Publication: Marin Independent Journal: Editorial


Over the past two years, the county has been wrestling with possible regulations for short-term rentals.

Meanwhile, the popularity of rentals offered on websites such as Airbnb and VRBO is booming. Last year, a consultant involved in tracking the internet-driven rental market estimated there were 1,126 short-term rentals available across the county, not just the unincorporated area over which the supervisors hold jurisdiction.

The county hired the consultant to come up with updated numbers, but those won’t be available until next month.

The county’s dilemma, and that faced by Marin cities, has many factors. Many of the internet-generated rentals are sidestepping the rules that also apply to traditional lodging options such as hotels, motels and bed-and-breakfast inns. They aren’t facing parking requirements, they aren’t getting county business licenses and fees and, often, they aren’t paying county lodging taxes.

In addition, the money-earning power of short-term rentals has led some property owners to turn what had been affordable long-term rental opportunities into vacation rentals.

The county’s problem is it really doesn’t know how many short-term rentals it’s dealing with because Airbnb and VRBO don’t open their books. The county has hired a consultant to help come up with some details.

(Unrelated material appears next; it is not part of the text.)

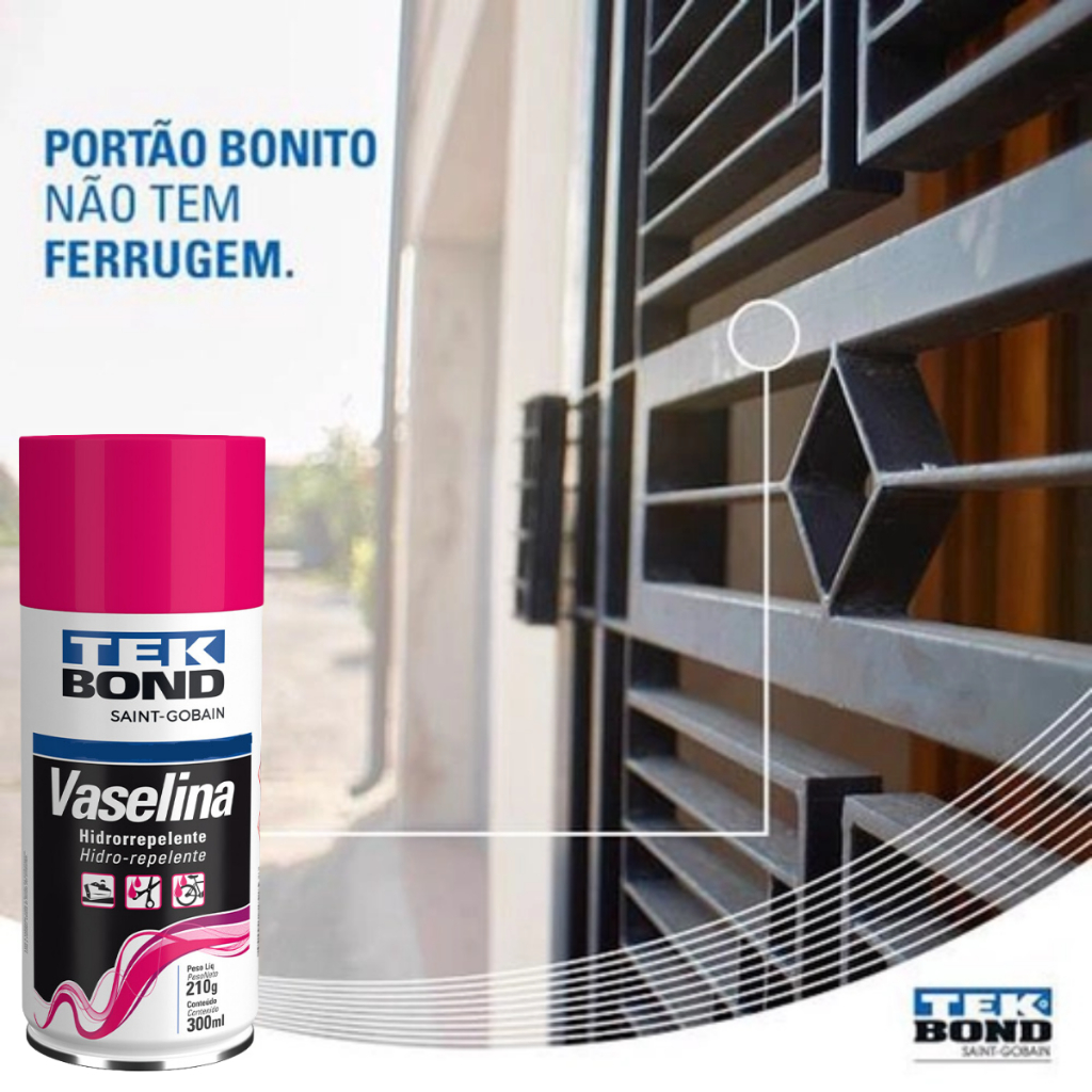 Este anúncio contém: 01 -TekSpray Vaselina Hidrorrepelente Informações do produto: Marca: TEK BOND Número de peça: 21571000488 Formato: Spray Volume: 300 ml Sobre o produto: É ideal para ser aplicada em superfícies que necessitam ser lubrificadas e protegidas. Desenvolvida com tecnologia de ponta, proporciona a formação de filme, o que garante máxima lubricidade, proteção e brilho. Pode ser utilizada em superfícies de plásticos, couro, vinil, borracha. É indicada também para ferragens, molinetes, carretilhas. Evita o desgaste e corrosão de peças de bicicletas, automóveis, barcos, residências, entre outros. Características: A Tekbond Spray Vaselina é formulada à base de parafinas selecionadas. Possui uma ação lubrificante em metais e plásticos, excelente resistência a umidade e proteção contra oxidação. Instruções de uso: Agite bem antes de usar. Pulverize as áreas desejadas a uma distância de aproximadamente 20 cm. Caso haja necessidade utilize o bico prolongador para locais de difícil acesso. Desligue equipamentos energizados para fazer a aplicação e espere a evaporação do gás para ligar o aparelho novamente. DADOS TÉCNICOS: Aparência (visual): Pastosa sobre pressão branca com odor característico, insolúvel em água. Densidade a 25°C: 0,81 g/cm³ Pressão interna: 0,41 MPa Taxa de pulveerização: ≥ 95 % Sobre a marca: Este produto é fabricado sob os mais rigorosos padrões de qualidade, garantindo assim o máximo grau de qualidade aos nossos produtos. Prevenção e Manutenção: As peças devem ser substituídas de acordo com as instruções do fabricante, sempre verificando as condições dos demais componentes do sistema, lembrando que choques mecânicos podem comprometer o funcionamento. Recomendações: Procure profissional especializado para instalação do produto adquirido; Não nos responsabilizamos por má instalação, uso inadequado do produto ou adaptações que não são compatíveis com a aplicação correta do produto segundo o fornecedor; Estamos à disposição para qualquer esclarecimento. Observações e condições da Loja: Todas as imagens são meramente ilustrativas; Antes de efetuar a compra, tire todas suas dúvidas no campo perguntas; Para peças mecânicas, confirme a aplicação com seu mecânico; Todos os nossos produtos são novos com garantia e nota fiscal; Todos os produtos anunciados estão disponíveis em nosso estoque; Para devolução de produtos, somente com embalagem original e Nota Fiscal; Prazo de troca e devolução: 7 dias a partir do recebimento do produto - Lei n 8.078. Sobre a Empresa: Somos autopeças especializada em linha leve, estamos localizados na zona sul de São Paulo capital. Visando a satisfação e bom atendimento para nossos clientes, trabalhamos com marcas de referência mercado automotivo. Dúvidas frequentes: O Produto é novo? Sim. Trabalhamos apenas com produtos novos e com nota fiscal. Tem garantia? Sim. Todos nossos produtos possui garantia de acordo com a legislação vigente. Como faço para saber se o produto deste anúncio se aplica ao meu veículo? Na descrição do anúncio tem as aplicações do produto, caso ainda tenha dúvidas, entre em contato com a nossa equipe através do campo de pergunta.

For some property owners, income generated by those short-term rentals is making it possible for them to afford to buy a house in Marin. Others are buying up homes because they want to turn them into vacation rentals.

But some of the rentals have generated neighborhood complaints about rowdy behavior or parking problems.

So the supervisors have decided to try to pull these rentals out of the underground economy and require them, for at least a three-month trial period, to post property-front signs, informing passersby that they are short-term rentals. The signs would include a phone number to call with inquiries or complaints.

The signs might help pinpoint the whereabouts of these rentals, but they also could be an invitation for burglars or dissuade a potential homebuyer looking at homes in the neighborhood.

The other problem, perhaps the most vexing, is that the sign law would only apply to those who are playing by the county’s rules — those that are registered.

It’s just another regulation that most of the internet rental landlords are sidestepping. Or would the signs, which county planning staff advises, help reinforce the county’s requirements?

Supervisors should answer that question before giving final approval to the sign plan.

And then what about the mixed message?

While the county is busy promoting tourism, it is also clamping down on a popular lodging choice among visitors.

Short-term rentals should play by the rules, the same that other lodging opportunities are expected to follow. Will requiring short-term rentals that are already following the rules to post signs accomplish that? Or, will the county measure have unintended consequences?